Likewise, a recent retrospective multicenter study of 17 children who received everolimus starting at an average age of 5 months of age indicated that everolimus is generally safe to use in children under the age of 2. The study used the Common Terminology Criteria of Adverse Events to evaluate drug-related side effects. Grade 1-2 adverse events were reported in 70.6% of children, with recurrent infection being the most common adverse event reported. No grade 3-4 adverse events were noted. However, longer-term effects of early infancy mTOR inhibitor therapy have yet to be studied as this therapy is still relatively new and emerging. Of note, dosing, compounding, and obtaining everolimus for neonates remain difficult at the time of writing this report.
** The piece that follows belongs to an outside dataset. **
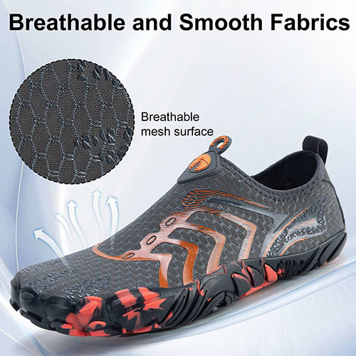 • زیره ضد لغزش: کف لاستیکی مقاوم با چسبندگی بالا، مناسب برای سطوح مرطوب و لغزنده مانند صخره، ماسه و کف رودخانه.

The necessary length of treatment with mTOR inhibitors for CRs remains unclear. In most reports, children treated with an mTOR inhibitor are still receiving the therapy by the time the case is published. One explanation is because the mTOR inhibitor is benefiting the patient in more ways than just CR regression/resolution. At least two cases have demonstrated that early cessation of mTOR inhibitor treatment leads to regrowth of the CR., However, one case has reported significant regression of a CR after only 19 days of everolimus therapy and no tumor regrowth at a 5-month follow-up following the short duration of mTOR inhibitor therapy. This time frame for significant, rapid shrinkage of the lesions appears consistent with our findings of a rapid decline in size with subsequent stabilization despite continued therapy.

Use of mTOR inhibitors is an alternative to surgical intervention for significant CRs in hemodynamically stable patients without the need for urgent intervention. Therefore, reconsideration of surgical criteria in such patients may be warranted. However, optimized medical therapy in regard to dose and duration of treatment remains unclear.

Echocardiogram proves to be the optimal monitoring strategy to visualize both CRs and their respective hemodynamic effects.

Conclusion

This case presents a CR causing LVOT obstruction with aortic valve impact that was treated effectively with the mTOR inhibitor sirolimus.